After reawakening, Terry tries another hold-up (this time as Rod Stewart), but a stroke of bad luck and a gang of amateurs interfere. During this, one of the thugs tries to shoot but fails to kill him (he had loaded his gun with blanks). Thinking himself to be an angel now, Terry reconsiders his ways, seeks advice in a church, and then he follows several 'signs' to another town. In a bar, he meets Steve Garner (Elias Koteas), an embittered young man and a wheelchair user. In order to bring him out of his self-pity, Terry engages him in a fist-fight - on equal terms, sitting fixed on a stool -; Steve, taken with Terry's acceptance of him as a person, not a cripple, strikes up a friendship with Terry and offers him a place to stay at the youth center for children and teens, which he runs with his sister Rose (Linda Kozlowski).

Rose is at first suspicious about Terry, but Terry proves himself by slyly intimidating two drug dealers into leaving the center's area and helping out as much as he can, and Rose gradually falls in love with him. The center itself, however, is in financial difficulties, since its backer George Bealeman (Parley Baer), while claiming himself to be a faithful Christian, refuses to provide any more funds. Since he has no angel's powers, Terry uses his technical know-how to convince him otherwise: by recording and re-editing a segment from TV Evangelist Rev. Barton's (Ben Slack) telecast (which Bealeman watches feverently), and fitting the cross at the rooftop of the center's church with lighting effects, triggered by his universal remote.

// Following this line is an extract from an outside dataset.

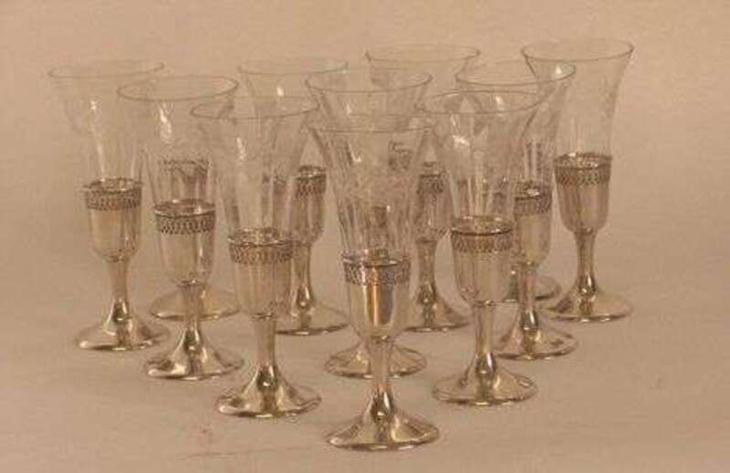 Set of 10 sterling mounted sorbet glasses 20th c.

At the evening where Bealeman drops by, however, two police detectives close in on Terry. Steve, who happens to overhear them, rushes off in his wheelchair to warn Terry, but during the flight he injures himself critically, slowly bleeding to death. Just after Bealeman has left, he arrives at the center, and while Rose runs to calls an ambulance, Steve delivers his warning. Afraid of death, Steve feels lost, and Terry, recalling his own experiences, gives him last comfort by assuring that he will find a place in Heaven. Reassured, Steve dies in the arms of Terry and Rose.

Terry then announces that he has to leave, and trying to comfort Rose, he reveals that he is "almost an angel"; Rose is understandably skeptical. But after he leaves, she checks Terry's universal remote which he had left her as a keepsake, only to discover that it contains no batteries, and the cross nevertheless begins to shine brilliantly on its own. She runs after Terry and calls out to him. Distracted, Terry slips and falls right before a speeding truck - only to have it pass right through him. Having passed his angel's exam, Terry continues on his quest to do God's work (though not without promising to return), and Rose is left comforted at last.